*YOUR TASK:* Write out every line from the listing below where the string "horas" is found.

RECORD SET: Begin

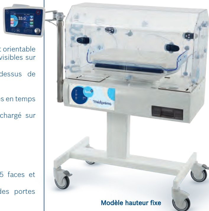
Modèle hauteur fixe
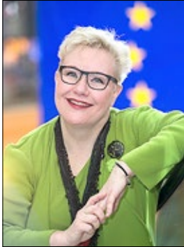
Sirpa Pietikäinen Kirjoittaja oli Euroopan parlamentin jäsen vuosina 2008–2024 ja nousee mahdollisesti varasijalta parlamenttiin 10. vaalikaudelle. sirpa.pietikainen@europarl.europa.eu

Omakotitalo on omavaraisuuden kannalta kannattavaa, sillä omakotitaloasuja pystyy helpommin vaikuttamaan omaan kulutukseensa. Omakotitaloasuja pystyy helpommin siirtymään edes osittain omavaraiseen energiantuotantoon ja lämmitykseen muun muassa aurinkopaneeleja ja ilmanlämpöpumppuja asentamalla tai takkaa lämmittämällä. Uusiutuvaan energiaan siirtyminen vakauttaa energian hintaa, sillä uusiutuvat energianmuodot eivät ole alttiita maailmanmarkkinoiden heilahduksille. Parhaimmillaan omakotitaloista saadaan energiaremonteilla kehitettyä passiivitaloja, jotka eivät tarvitse kiinteistön ulkopuolelta ostettua energiaa.
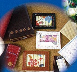
みどり正房若林 (パンチングレザー製品)
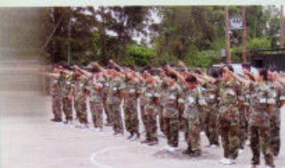
共同承諾——「做到最好」！
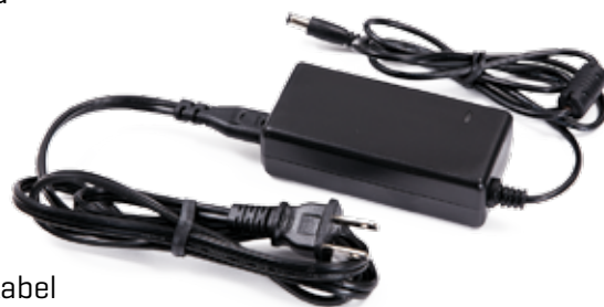
T-6018 Napájecí kabel

Jelikož každý trenažer důkladně testujeme, na válci mohou zůstat stopy po plášti.
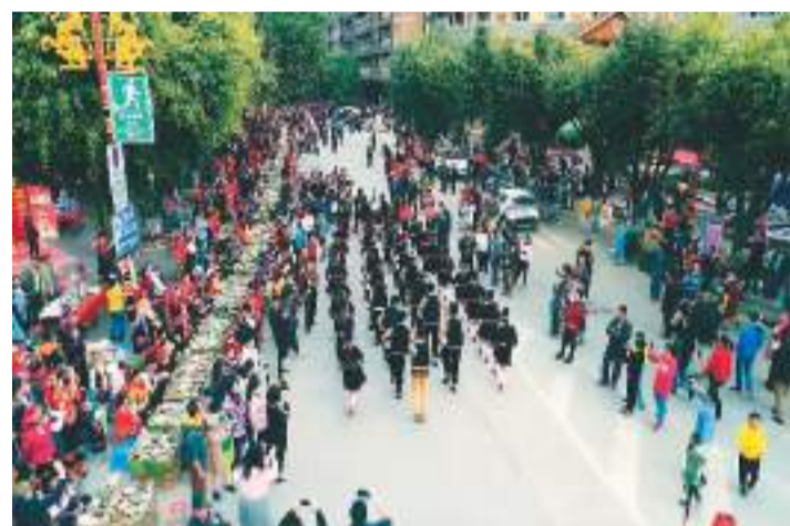
绿春一年一度的“十月年”长街宴。
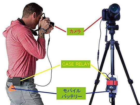
実際に使用するイメージ図

注1:DCケーブルが別売品であり、カメラのブランド及び型番により異なりますので、ご購入の際一度『適用カメラ&DCケーブル対応表』をご確認ください。 注2:上記イメージ図中のカメラ、DCケーブル、モバイルバッテリー及びUSBアダプターが本製品に含んでいない為、各自でご用意ください。
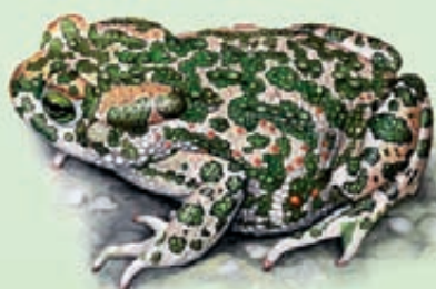
Rospo smeraldino Bufo lineatus
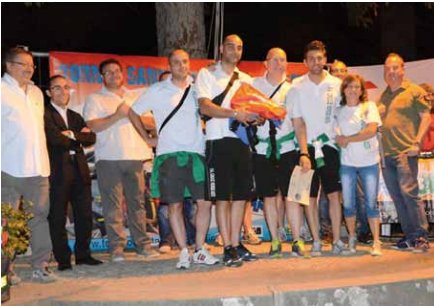
■ Un premio per l'Associazione che arriva da più lontano: quest'anno è andato alla Croce Verde di Asti

costruito dagli uomini del Soccorso Alpino era posizionato tra una diga ed un bosco, per raggiungere il ferito era necessario percorrere un sentiero messo in sicurezza con corde e moschettoni. Il pilota era ancora a bordo dell'elicottero, i soccorritori quindi dovevano estrarlo ed immobilizzarlo su una tavola spinale del Soccorso Alpino che poi provvedeva a calarlo
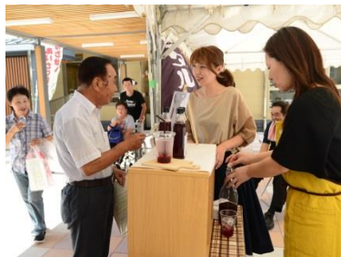
▲PRテントに出展したコスモスワーク(左)とママン(右)
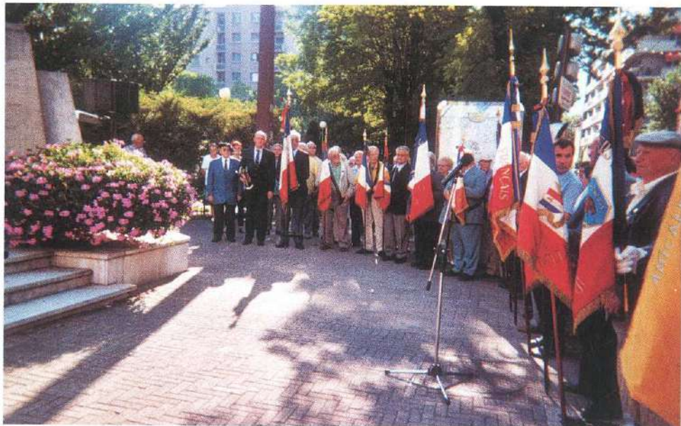
Cours Berriat, Grenoble, devant la stèle des fusillés, 14 avril 2001
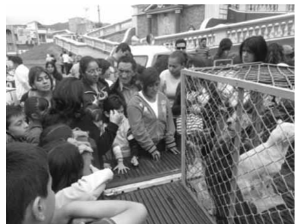
Figura 5. Campañas de adopción canina.
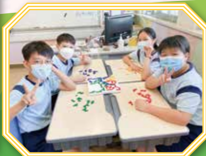
在Blokus遊戲中，學生樂在其中，並應用空間思維、邏輯推理的能力
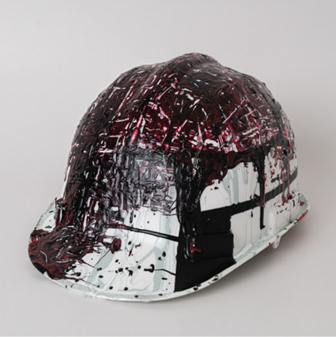
Kalıpçılar Moulders , 2021
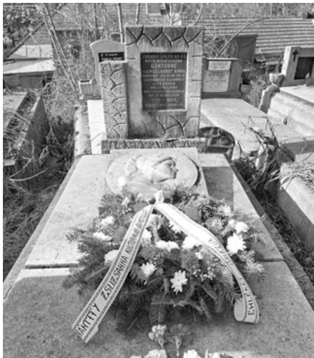
Kántorné megkoszorúzott síremléke a marosvásárhelyi római katolikus temetőben

A pesti Hacker-szalában működő társulatnál lépett először színpadra 1810-ben. Nem sokkal később férjhez ment az ismert komikushoz, Kántor Gerzsonhoz. Rövidesen férjével együtt a Debrecenben játszó kolozsvári társulathoz szerződött. Férje korán meghalt, ő maga 1847-ig járta vándorszínészként az országot. (Özvegyként született egy törvénytelen
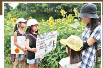
▲巨大迷路の中で児童たちがクイズを出題

金杉小学校の皆さんが市農業士等協会やボランティア団体「ひまわり憩いの広場の会」と協力して育てた約2万本のヒマワリが、7月上旬に見ごろを迎えます。
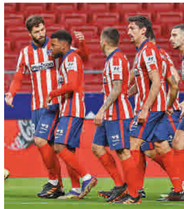
En LaLiga habrá menos vacaciones de lo habitual
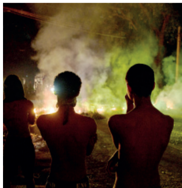
Cortes. Alcanzan hasta 24 horas consecutivas.

gando a las 24 horas corridas en La Habana. En muchos barrios los vecinos golpearon sus cacerolas al caer la tarde de ayer.
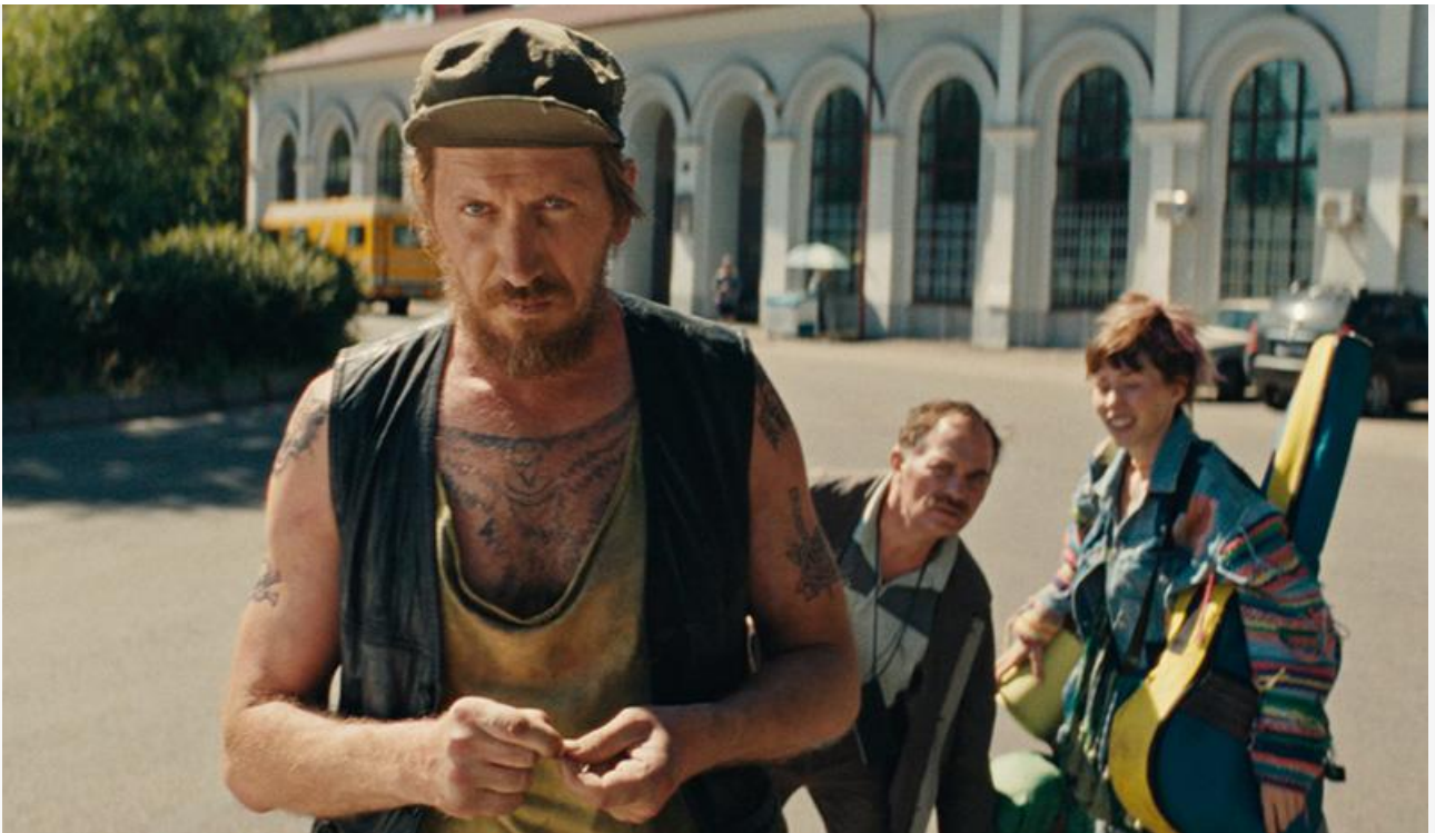
Кадр из фильма «Далёкие близкие»

Неплохие шансы на попадание в топ-10 по итогам уикенда у драмы Ильи Максимова «Мать моего сына» (18+) с Дарьей Жовнер, Евгением Ткачуком и Марьяной Спивак, датско-нидерландского триллера Кристиана Тафдрупа «Не говори никому» (18+), южнокорейского детективного триллера Пак Чхан-ука «Решение уйти» и канадо-мексиканского хоррора Патриции Харрис Сили «Проклятие плачущей. Возвращение» .
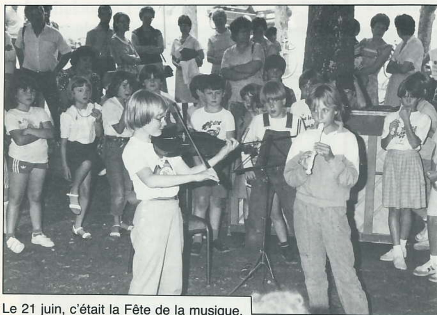
Le 21 juin, c'était la Fête de la musique.

L'assemblée générale de l'A.R.P.A.C. se tiendra le vendredi 19 octobre à 18 h au Foyer-Résidence. Pensez au renouvellement de votre carte des Amis de la Chesnaie.
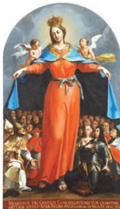
Wikimedia (Domena Publiczna) Valentin Metzinger – Wspomożycielka Wiernych

Rola Maryi, jako Matki Kościoła, nie kończy się w czasach apostołskich. Trwa także dziś. Macie-
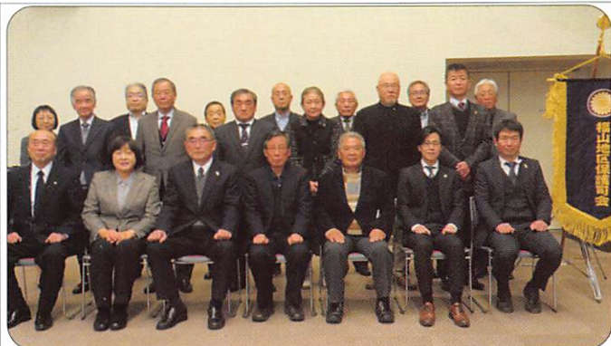
12月15日 退任保護司との協議会 【更生保護サポートセンターふくやま】
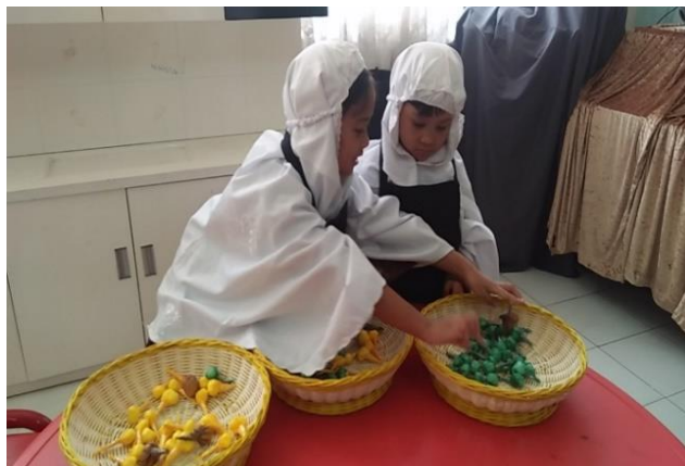
Gambar 2. Anak saling tolong menolong dalam memisahkan kurma
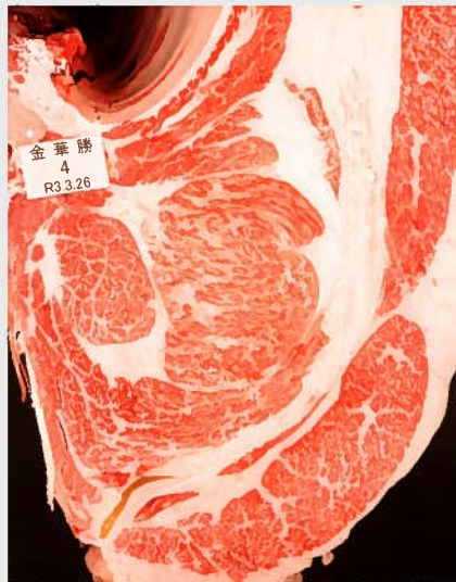
▲BMSNo. 10 □-入芯 70cm 2 母（秀幸福-金幸）
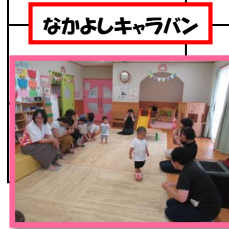
なかよしキャラバン

●ベビーマッサージ…0才児(10組) (要予約) 持バスタオル ※電話でのご予約は開所時間の 10:00~15:00 でお願ひします。 ◎ 暑い8月はゆっくり過ごしましょうね！
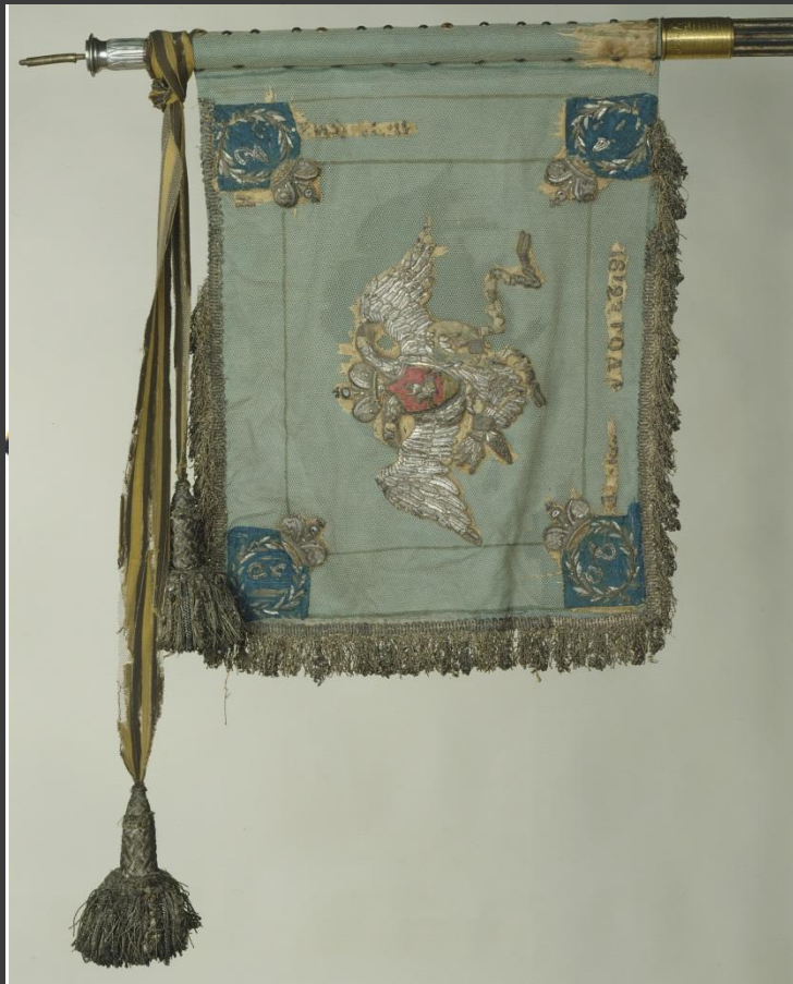
Георгиевский штандарт лейб-гвардии Кирасирского Его Величества полка.

RECORD SET: End

*TASK OUTPUT:*
Cortes. Alcanzan hasta 24 horas consecutivas.
gando a las 24 horas corridas en La Habana. En muchos barrios los vecinos golpearon sus cacerolas al caer la tarde de ayer.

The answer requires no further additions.